This behavior is indeed seen when ftputil runs under Python 3. (By the way, the handling of unicode strings is strange, but it's used to be compatible with Python 3's ftplib.FTP
implementation. If ftputil.FTPHost
would behave differently, it couldn't work with non-ASCII paths that were created with ftplib.FTP
under Python 3.)
Under Python 2, pure ASCII strings work as above regardless of being byte strings or unicode strings.

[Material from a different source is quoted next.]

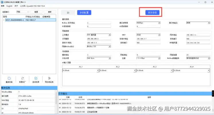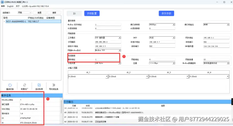点击搜索出的设备,可在此处查看无线分布式IO的modbus地址,记录LoRa无线分布式IO的modbus地址为1,,点击配置即可配置参数,将LoRa无线分布式IO中的无线参数->模块地址这一项修改为1,其他参数保持默认即可。

However, when the strings contain characters with codes greater than 127, FTPHost.listdir
raises a UnicodeEncodeError
, again both for byte strings and unicode strings.
Change History (4)
comment:1 Changed 4 years ago by
Status: | new → assigned |
---|
comment:2 Changed 4 years ago by
comment:3 Changed 4 years ago by
The problem with the unit test is that it uses a mock session, that is, it doesn't use ftplib.FTP
to access a real FTP server. Instead, the mock dir
method returns lines from a multi-line string. Here's the mock implementation of ftplib.FTP.dir
:
def dir(self, *args): """ Provide a callback function for processing each line of a directory listing. Return nothing. """ # The callback comes last in `ftplib.FTP.dir`. if isinstance(args[-1], collections.Callable): # Get `args[-1]` _before_ removing it in the line after. callback = args[-1] args = args[:-1] else: callback = None # Everything before the path argument are options. path = args[-1] if DEBUG: print("dir: {0}".format(path)) path = self._transform_path(path) if path not in self.dir_contents: raise ftplib.error_perm dir_lines = self.dir_contents[path].split("\n") for line in dir_lines: if callback is None: print(line) else: callback(line)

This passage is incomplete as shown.